» WORK REQUEST
Your answer must be an exact copy of the entries, containing no images.

» EXTRACTED INFORMATION
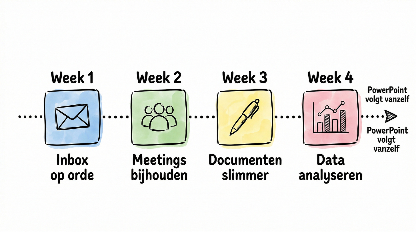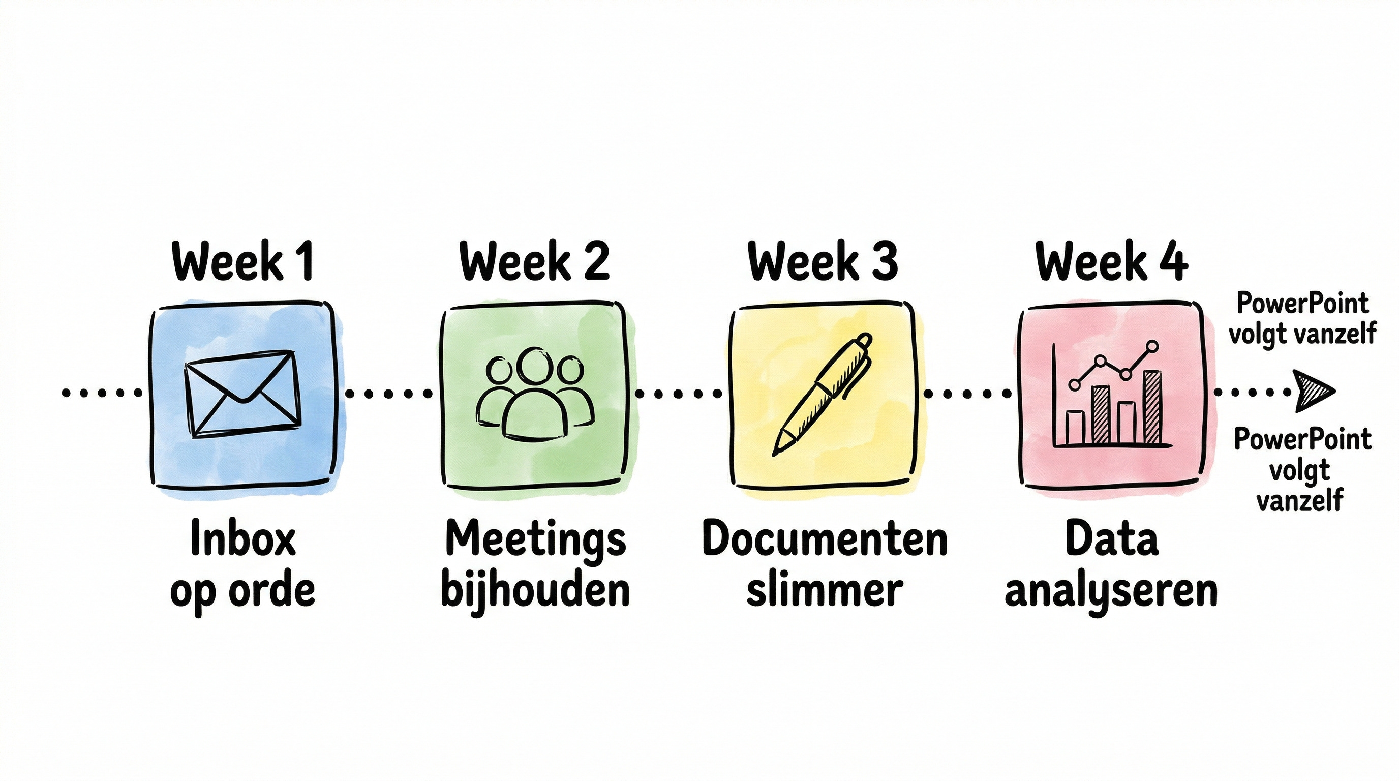Week 1: Outlook. Begin waar je elke dag begint. Samenvatten van threads, concept-emails, prioriteren. De drempel is laag en de tijdwinst is direct merkbaar. Stel meteen je Draft Instructions in.
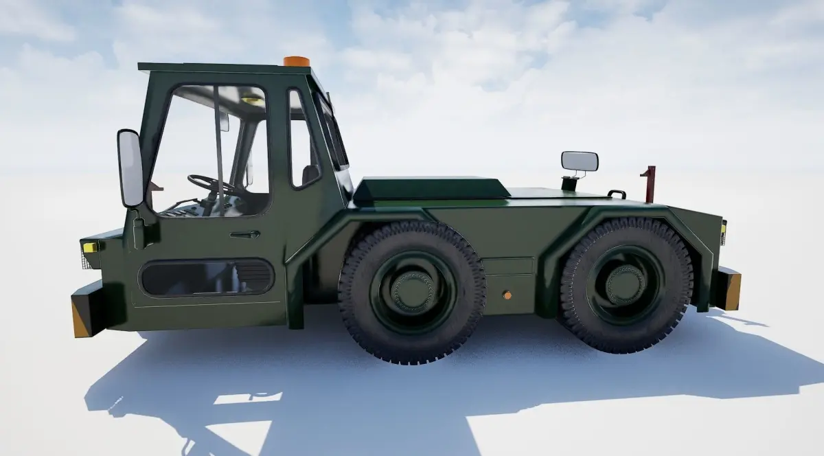 Flugzeugschlepper Schopf pushback tractor is originally created in Blender 4.1, rendered with Blender and Unreal Engine.
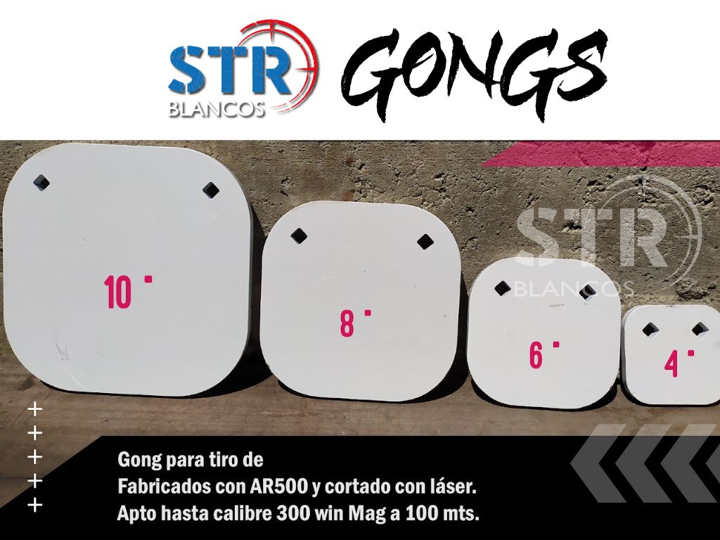 Práctica general de pistola y fusil; fundamental para Long Range. Durabilidad absoluta y feedback auditivo maximizado. Un Gong es un blanco pasivo, generalmente de gran tamaño (10, 12, 18 pulgadas o más), diseñado para soportar miles de impactos de una amplia gama de calibres. Los Gongs de STR estarán fabricados en AR500 de 3/8″ (para la mayoría de las aplicaciones) o 1/2″ (para calibres magnum o rangos más cortos de fusil). El sistema de montaje (cadenas o correas) es crítico: debe permitir que el gong oscile libremente, disipando la energía del impacto y aumentando exponencialmente su vida útil.
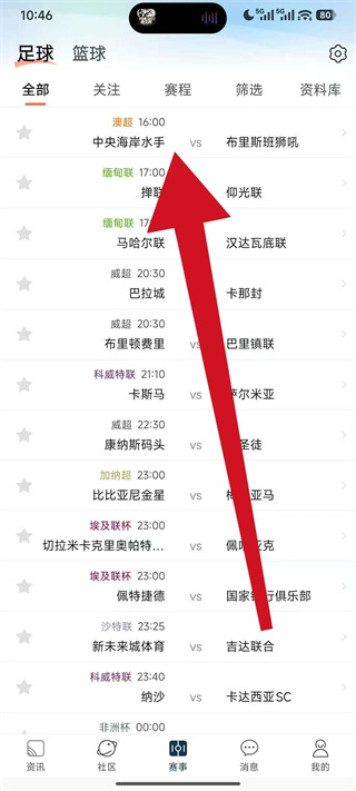 1、打开球探体育,点击底部导航栏的赛事选项,进入赛事列表页面。
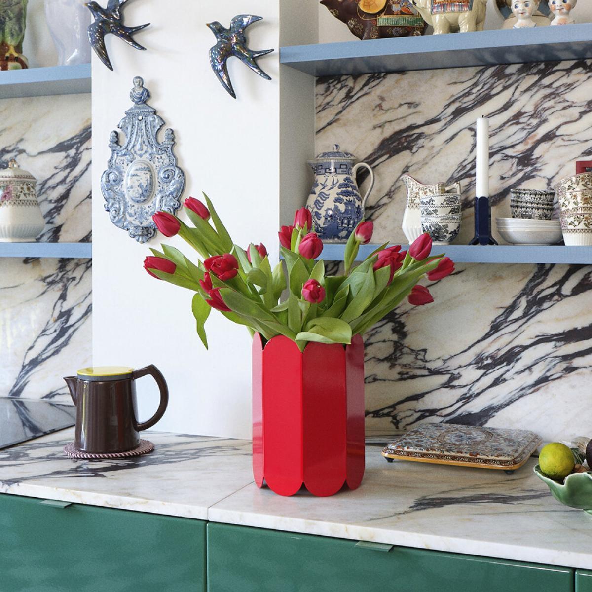 I love the bold, sculptural design of this vase - it adds a striking focal point to both modern and eclectic interiors. The vibrant red makes it a perfect statement piece that can brighten up neutral colour schemes or complement similarly rich tones. It works well in minimal settings where its form can stand out or grouped with other vases for a layered display. Practical styling tips include pairing it with dried or minimal fresh stems to keep the look clean and contemporary, or placing it on a console or side table to capitalise on its architectural shape. Its size and shape make it versatile, so don’t shy away from using it as a centrepiece or in a more subdued corner for added visual interest.

» EXERCISE OUTPUT
Week 1: Outlook. Begin waar je elke dag begint. Samenvatten van threads, concept-emails, prioriteren. De drempel is laag en de tijdwinst is direct merkbaar. Stel meteen je Draft Instructions in.
 Flugzeugschlepper Schopf pushback tractor is originally created in Blender 4.1, rendered with Blender and Unreal Engine.
 Práctica general de pistola y fusil; fundamental para Long Range. Durabilidad absoluta y feedback auditivo maximizado. Un Gong es un blanco pasivo, generalmente de gran tamaño (10, 12, 18 pulgadas o más), diseñado para soportar miles de impactos de una amplia gama de calibres. Los Gongs de STR estarán fabricados en AR500 de 3/8″ (para la mayoría de las aplicaciones) o 1/2″ (para calibres magnum o rangos más cortos de fusil). El sistema de montaje (cadenas o correas) es crítico: debe permitir que el gong oscile libremente, disipando la energía del impacto y aumentando exponencialmente su vida útil.
 1、打开球探体育,点击底部导航栏的赛事选项,进入赛事列表页面。
 I love the bold, sculptural design of this vase - it adds a striking focal point to both modern and eclectic interiors. The vibrant red makes it a perfect statement piece that can brighten up neutral colour schemes or complement similarly rich tones. It works well in minimal settings where its form can stand out or grouped with other vases for a layered display. Practical styling tips include pairing it with dried or minimal fresh stems to keep the look clean and contemporary, or placing it on a console or side table to capitalise on its architectural shape. Its size and shape make it versatile, so don’t shy away from using it as a centrepiece or in a more subdued corner for added visual interest.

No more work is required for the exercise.